Question

A liquid flows through a horizontal tube. The velocities of the liquid in the two sections, which have areas of cross sections, ${{\text{A}}_{\text{1}}}$ and ${{\text{A}}_{\text{2}}}$ are ${{\text{v}}_{\text{1}}}$ and ${{\text{v}}_{\text{2}}}$ respectively. The difference in the level of the liquid in the two vertical tubes is h. Then

a) The volume of the liquid flowing through the tube in unit time is ${{A}_{1}}{{v}_{1}}$
b) ${{v}_{2}}-{{v}_{1}}=\sqrt{2gh}$
c) ${{v}_{2}}^{2}-{{v}_{1}}^{2}=2gh$
d) The energy per unit mass of the liquid is same in both the tubes

Answer 1

In the above figure the liquid flows with two different velocities across two different cross sectional areas. Hence there is a difference in pressure across the two regions indicated by the height h in the above figure. The above question is a MCQ question with more than one answer. Using Bernoulli's theorem and equation of continuity, let us verify the conditions mentioned in the options and accordingly determine which one of them holds true.

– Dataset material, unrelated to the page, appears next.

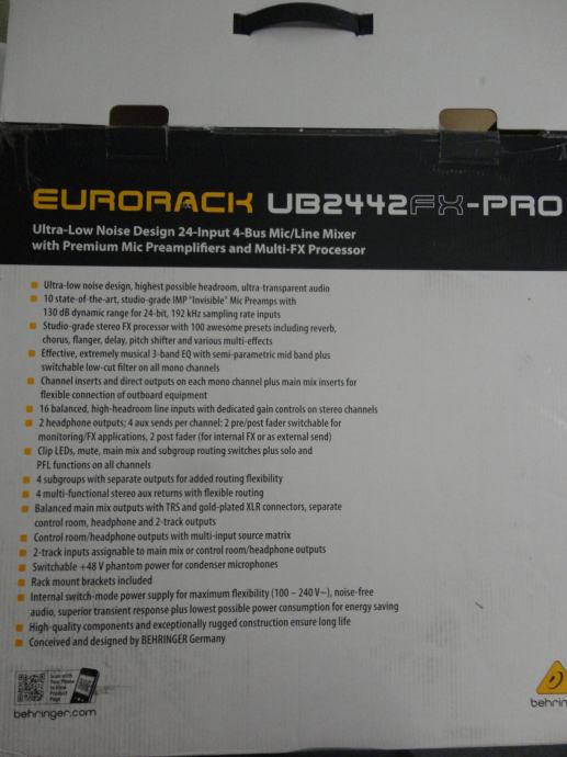 Prodajem mixer Behringer Eurorack UB2442FX-PRO.

Complete step by step answer:
To begin with let us first define the equation of continuity and Bernoulli’s theorem.
Equation of continuity: It states that during the streamlined flow of the non viscous and incompressible fluid through a pipe of varying cross section, the product of the area of cross section and the normal fluid velocity remains constant.
Bernoulli’s theorem: It states that the sum of the pressure, kinetic energy and the potential energy per unit volume of an incompressible, non viscous fluid in a streamlined irrational flow remains constant along a streamlined.
From the above equation of continuity we can say that ${{A}_{1}}{{v}_{1}}={{A}_{2}}{{v}_{2}}=\text{constant}$, where ${{A}_{1}}$ is the cross sectional area of the tube where in the fluid flows with velocity ${{v}_{1}}$ and ${{A}_{2}}$ is the cross sectional area of the tube where in the fluid flows with velocity ${{v}_{2}}$. Hence the amount of the liquid flowing through given volume is the same across two different cross sectional areas. From this we can conclude that option a is valid.
If we consider Bernoulli's theorem it is basically based on conservation of energy, which says that the sum of the potential and the kinetic energy per unit volume remains constant. The density of the liquid does not change when it enters from one tube to another tube. Hence the energy per unit mass remains constant. From this as well we can conclude that option d also holds true.
The Bernoulli’s theorem can be mathematically written as,
$P+\dfrac{1}{2}\rho {{v}^{2}}=\text{constant}...\text{(1)}$ where P is the pressure of the fluid, $\rho$is the density of the fluid and v is the velocity of the fluid in motion. In the above scenario the fluid moves across two different cross sections, hence the equation 1 can be written as,
${{P}_{1}}+\dfrac{1}{2}\rho {{v}_{1}}^{2}={{P}_{2}}+\dfrac{1}{2}\rho {{v}_{2}}^{2}=\text{constant}$
${{P}_{1}}-{{P}_{2}}+=\dfrac{1}{2}\rho {{v}_{2}}^{2}-\dfrac{1}{2}\rho {{v}_{1}}^{2}$ the difference in pressure of the fluid i.e. ${{P}_{1}}-{{P}_{2}}=\rho gh$ where g is acceleration due to gravity and h is the height of the difference in water column of the liquid as shown in the above diagram. Hence the above equation can be written as,
$\begin{aligned} & \rho gh=\dfrac{1}{2}\rho ({{v}_{2}}^{2}-{{v}_{1}}^{2}) \\\ & 2gh=({{v}_{2}}^{2}-{{v}_{1}}^{2}) \\\ \end{aligned}$
From the above result we can conclude that option c is also correct.

So, the correct answers are “Option A, C and D”.

Note: Bernoulli’s equation is only applicable to incompressible fluids because it does not take into account the elastic energy of the fluids. Bernoulli's principle does not take into account the angular momentum of the fluid. Hence it cannot be applied to the fluids flowing in curved paths.